Keterbatasan bahan bakar fosil telah membawa studi tentang mikroalga sebagai bahan baku yang
menjanjikan untuk diproduksi biodiesel. Mikroalga tampaknya menjadi sumber produksi
biodiesel karena tingkat pertumbuhan yang tinggi tanpa bersaing untuk lahan subur yang
membuat ganggang menjadi bahan baku yang menarik untuk portofolio bahan bakar
berkelanjutan [1]. Selain, ia memiliki potensi untuk menghasilkan lebih banyak minyak
dibandingkan dengan bahan baku lainnya [2] seperti rapeseed, kedelai, bunga matahari dan
telapak tangan. Selain itu, biodiesel mikroalga tidak beracun, sangat terdegradasi secara biologis;
tidak mengandung belerang danbahan yang tersisa setelah mengekstraksi minyak dapat
digunakan untuk produksi etanol atau sebagai pupuk tanah [3]. Tambahan, produk biodiesel
terbarukan dari mikroalga mampu memenuhi permintaan global untuk bahan bakar transportasi
dan minyak produktivitas mikroalga sangat melebihi produktivitas minyak dari tanaman minyak
penghasil terbaik seperti jagung.

Chisti [4] melaporkan bahwa Chlorella sp., Spirulina sp. dan Nitzschia sp. adalah sumber
mikroalga utama yang ada biasanya digunakan untuk memproduksi biodiesel.
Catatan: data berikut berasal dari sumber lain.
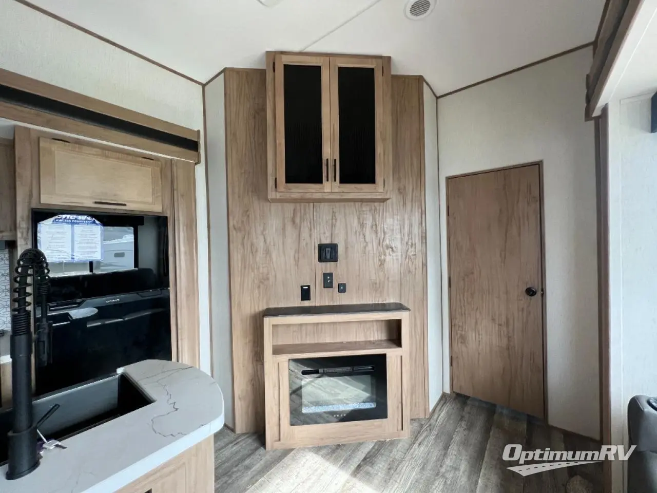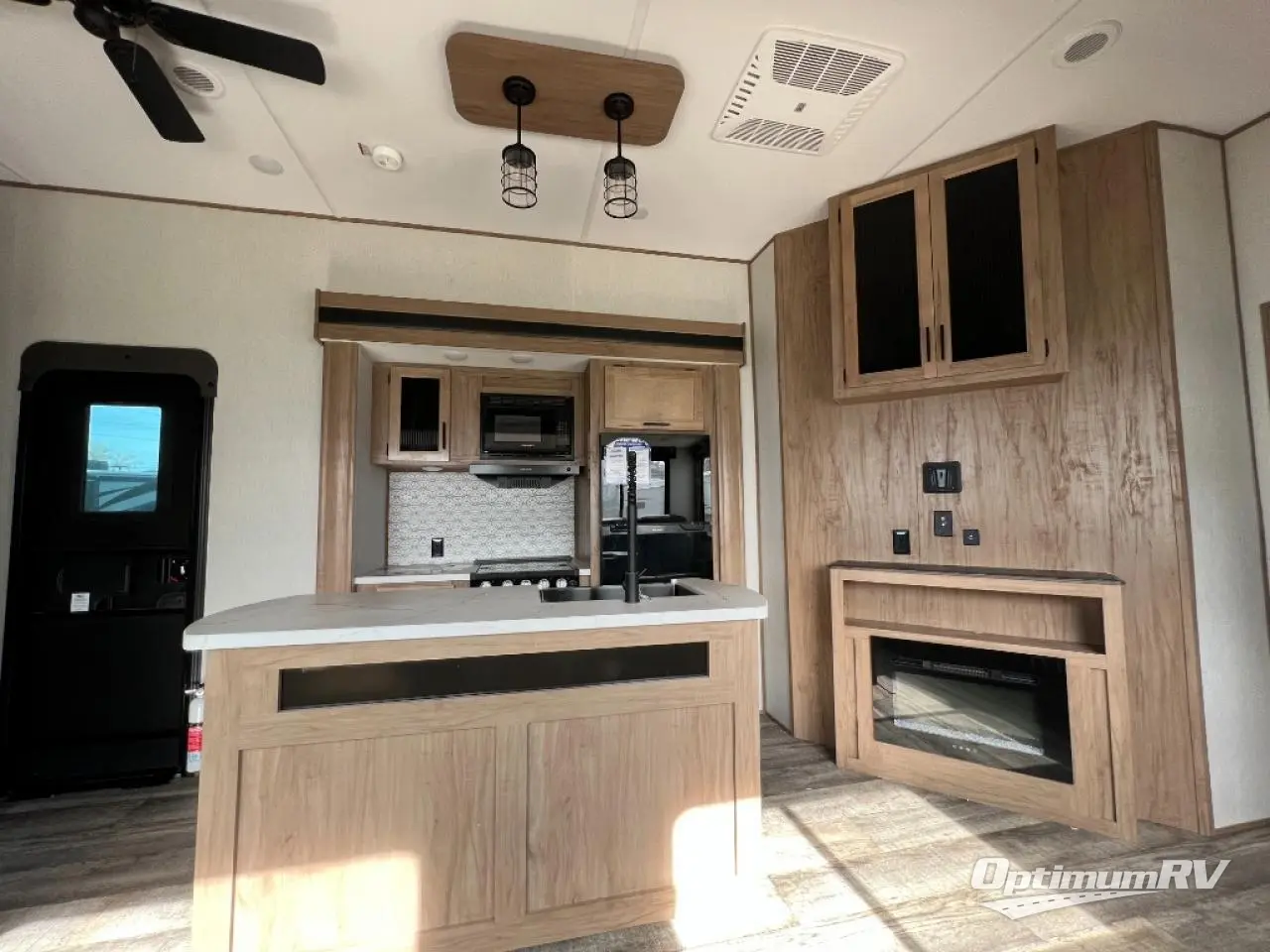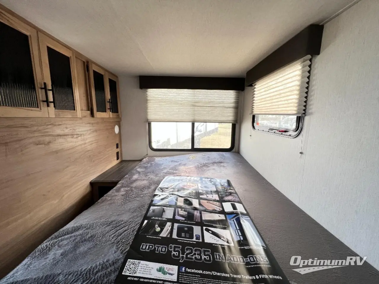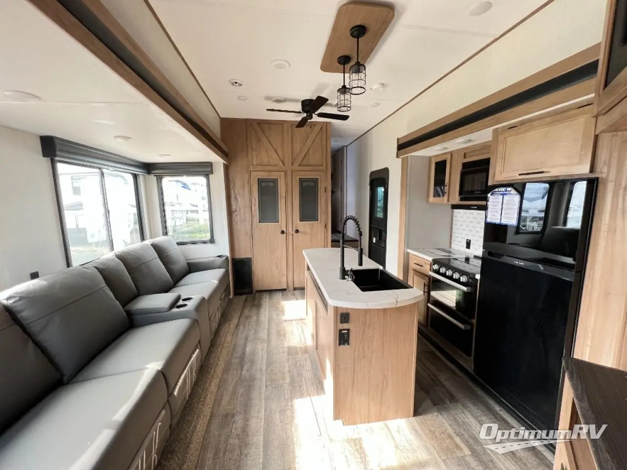 This Cherokee Arctic Wolf Suite fifth wheel is an excellent choice if you have a large family that wants to get away! Not only is there a private bedroom up front for you, but there is also a bedroom suite in the back. This suite has a 54" x 74" bed next to some wardrobe storage, a 60" x 80" loft above the bed with a ladder, a half bathroom all to itself, and the second exterior entry door. What a space! You'll also be highly impressed with the living area because it has a large slide that holds two sets of home theater seating with removable tables in front. Now you can sit down and enjoy dinner while you watch the optional residential-size LED TV that you added above the fireplace. The large pantry is another feature you'll appreciate since it can store all of the food needed to feed your group, and the outside kitchen is an added bonus the cook will love!

Ini karena ketiga
spesies mikroalga ini menghasilkan kandungan minyak tertinggi (% berat kering) di antara
spesies lain dengan kandungan minyak 28-32% yang diproduksi oleh Chlorella sp., Spirulina sp.
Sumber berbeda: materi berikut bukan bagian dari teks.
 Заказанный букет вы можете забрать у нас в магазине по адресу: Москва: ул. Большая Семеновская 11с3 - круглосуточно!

menghasilkan 50 - 77% kandungan minyak dan Nitzschia sp. menghasilkan sekitar 45 - 47%
kandungan minyak. Menurut Islam et al. [5], mikroalga telah menerima banyak perhatian
sebagai sumber energi terbarukan baru dalam bentuk biodiesel. Namun, tidak demikian namun
layak secara komersial karena tingginya biaya proses produksi dan juga terbatasnya informasi
yang tersedia di parameter yang mempengaruhi ekstraksi minyak mikroalga untuk produksi
biodiesel komersial. Untuk alasan ini, akuantifikasi kuat dari parameter ekstraksi sangat penting
untuk mengoptimalkan dan akibatnya meningkatkan kelayakan dari proses.

Ekstraksi minyak dari ganggang adalah topik yang hangat diperdebatkan saat ini karena proses
ini adalah salah satu proses yang lebih mahal yang dapat menentukan keberlanjutan biodiesel
berbasis ganggang. Berbagai metode untuk mengekstrak minyak dari mikroalga adalah tersedia
seperti expeller / press, ekstraksi pelarut dan ekstraksi fluida superkritis [2]. Penekan expeller
adalah metode mengekstraksi minyak dengan mesin press daripada menggunakan proses
ekstraksi kimia dan metode ini memberikan hasil hanya 65 - 70% dari minyak [6] sementara
ekstraksi menggunakan cairan superkritis memberikan kemurnian yang sangat tinggi dan
konsentrasi produk yang baik tetapi biaya operasi dan investasi tinggi [7].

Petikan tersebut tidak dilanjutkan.